Combat Support Wing exercise showcases agile lethality

  • Published
  • By Veronica Kemeny
  • Air Force Installation and Mission Support Center Public Affairs
More than 150 Airmen from seven major commands participated in a combat support wing proof-of-concept exercise Sept. 5 to 19 that tested a small team’s capability to conduct agile downrange operations.

The exercise, conducted at Tyndall Air Force Base, Florida, with forward deployments to Moody Air Force Base, Georgia, and Avon Park Air Force Range, Florida, served to validate an innovative way to deliver airpower lethality more effectively and efficiently anywhere in the world.

The CSW exercise kicked off with Airmen stepping out of their comfort zone to learn core skills from Air Force specialty codes other than their own, including flightline maintenance and operations, security, communications, and other agile combat support functions.

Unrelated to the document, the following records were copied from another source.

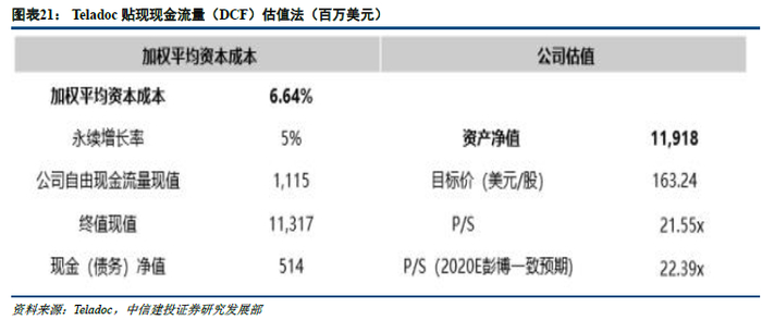 从未来发展方向来看,据Teladoc测算,依据人口基数Teladoc在美国还有近82%的市场空间可深挖,国际市场的发展正在起步阶段,占比不高还需进一步探索,预计未来公司整体毛利率将大致稳定在60%左右,因此经测算订阅收入占比约为70%,最后根据贴现现金流量估值法对Teladoc进行估值,得出当前Teladoc的P/S值约为21.55。
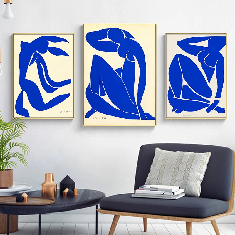 Абстрактная синяя живопись маслом на холсте скандинавские плакаты и...
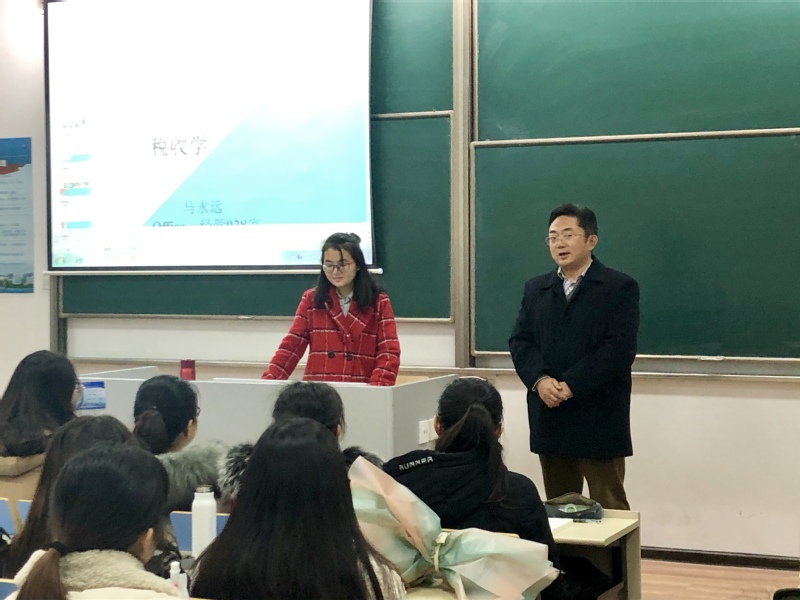 当天上午,在2017级会计学专业的《税收学》课前,周德群向同学们介绍了马永远老师的学习经历、科研经历等基本情况;作为西安交通大学、香港城市大学联合培养的博士,马永远在求学期间成绩优异,发表多篇高质量论文,科研成果丰硕,多次获得各类奖学金,2018年博士毕业后应聘至漫画柜 工商管理系任专业教师。周德群建议同学们积极向马老师请教、学习,在夯实基础学业的同时,培养科研兴趣,尝试进行学术研究。他也勉励马永远老师尽快完成从学生到教师的角色转变,潜心教学,将教授课程打造成学生喜欢的“金课”。

“Two years ago, the combat Air Forces came to us with an idea: If we are in the Pacific or Europe, or operating in a hostile or denied environment, how would we be able to leverage the support forces to refuel and re-arm jets? That was the challenge,” said Brig. Gen. Brian Bruckbauer, Air Force Installation and Mission Support Center director of expeditionary support, who served as exercise commander.

According to Bruckbauer, at AFIMSC’s inaugural Installation and Mission Support Weapons and Tactics Conference in 2017, a team of officers and noncommissioned officers proposed a concept that focused on multifunctional training that included Airmen learning different specialties to rapidly deploy, minimizing the number of personnel put in harm’s way, increasing the lethality of that small unit, and creating redundancies to bolster mission success.

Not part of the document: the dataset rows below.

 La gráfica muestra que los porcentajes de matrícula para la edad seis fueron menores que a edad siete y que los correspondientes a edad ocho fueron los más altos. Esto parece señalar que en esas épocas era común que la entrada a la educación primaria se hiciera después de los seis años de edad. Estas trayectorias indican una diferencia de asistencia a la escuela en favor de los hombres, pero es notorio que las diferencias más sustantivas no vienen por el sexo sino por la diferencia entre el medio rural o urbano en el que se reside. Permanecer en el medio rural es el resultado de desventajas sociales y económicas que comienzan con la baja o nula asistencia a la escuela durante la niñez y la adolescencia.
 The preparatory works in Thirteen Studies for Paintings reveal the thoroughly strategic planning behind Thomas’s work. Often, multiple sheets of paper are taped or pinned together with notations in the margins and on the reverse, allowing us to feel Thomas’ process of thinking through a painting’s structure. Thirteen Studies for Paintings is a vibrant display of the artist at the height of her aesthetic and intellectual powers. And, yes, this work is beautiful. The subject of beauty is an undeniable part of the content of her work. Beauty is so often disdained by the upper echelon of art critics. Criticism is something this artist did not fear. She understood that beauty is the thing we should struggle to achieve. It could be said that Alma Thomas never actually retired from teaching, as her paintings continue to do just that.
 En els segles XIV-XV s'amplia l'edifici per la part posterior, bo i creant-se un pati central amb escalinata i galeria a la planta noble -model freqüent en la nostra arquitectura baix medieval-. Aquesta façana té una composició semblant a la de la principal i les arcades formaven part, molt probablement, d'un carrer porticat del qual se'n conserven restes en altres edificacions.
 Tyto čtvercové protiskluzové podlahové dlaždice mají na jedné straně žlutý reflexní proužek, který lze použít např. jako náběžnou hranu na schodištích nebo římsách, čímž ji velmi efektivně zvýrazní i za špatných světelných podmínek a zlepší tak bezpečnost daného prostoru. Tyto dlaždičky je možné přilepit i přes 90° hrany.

“For example, engineers train on security forces tasks to minimize a footprint and come up with the right size (force) and the right amount of equipment needed at the forward location,” Bruckbauer said. “Then we actually put those support forces out at a location, ready to accept jets, refuel them and re-arm them.”

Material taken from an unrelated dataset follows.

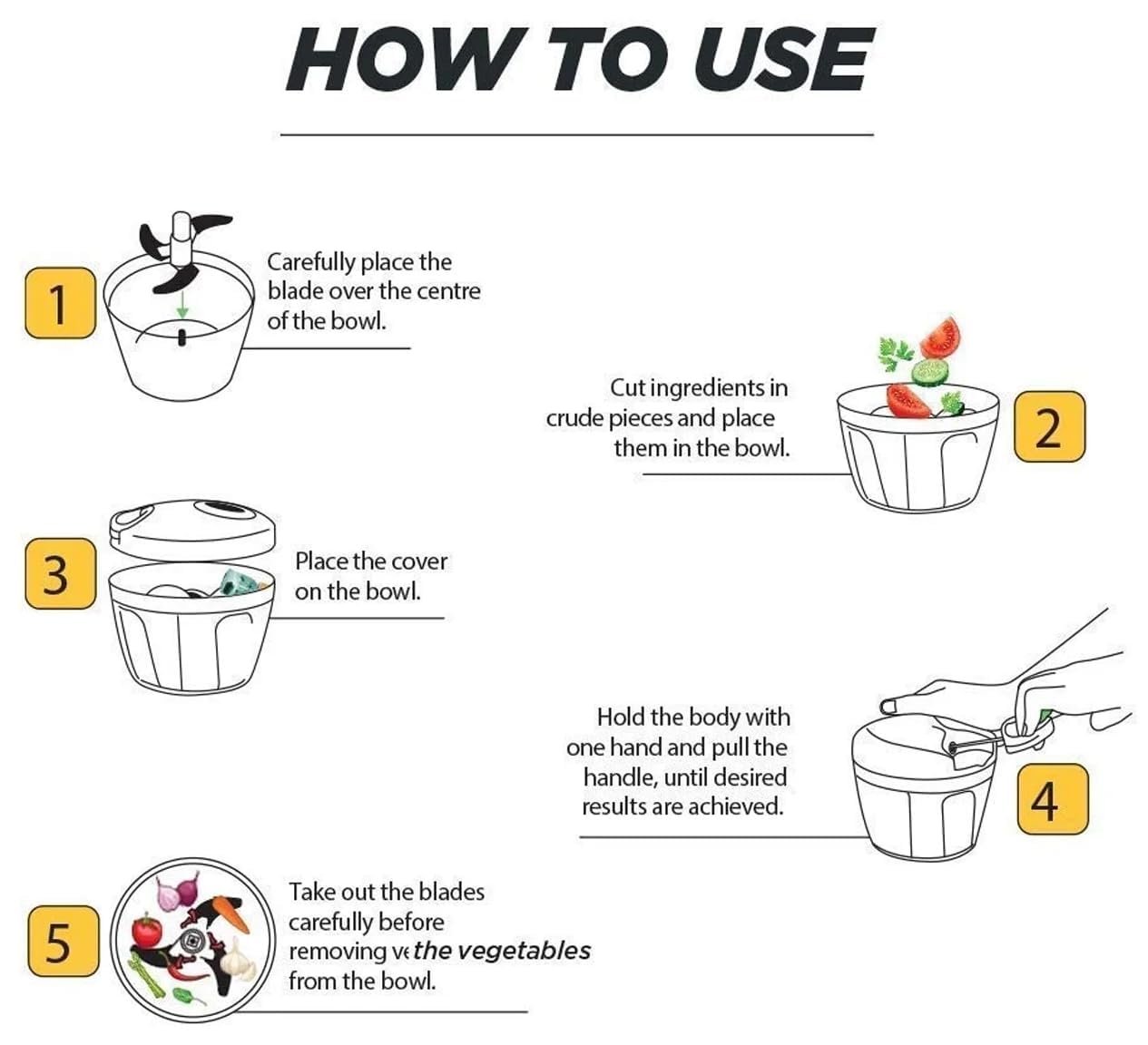 Convenient: Makes food preparation fun and easy. Just pull the cord a few times to to chop/mince/blend your ingredients.

The CSW exercise marked the second time this year the Air Force has tested this revolutionary concept. AFIMSC, Air Force Materiel Command and Air Combat Command have worked together to test the concept.

“The results from these exercises will continue validating the suitability of training a squadron of Airmen across the entire spectrum of combat support operations in order to provide on-call adaptive basing for flying operations wherever there is a need,” said Col. Erik Rundquist, AFIMSC Detachment 8 commander and CSW exercise director.

Capt. Zachary Stanton, Air Force Civil Engineer Center Operations Maintenance Branch chief, who oversaw airfield recovery during the exercise, learned firsthand the agile capability CSW could provide.

“The ingenuity of CSW is it leverages the Air Force’s best assets: its people,” Stanton said. “CSW tackles mission requirements in a different manner. It places emphasis on Airmen not only performing their core AFSC responsibilities but also those of their peers.”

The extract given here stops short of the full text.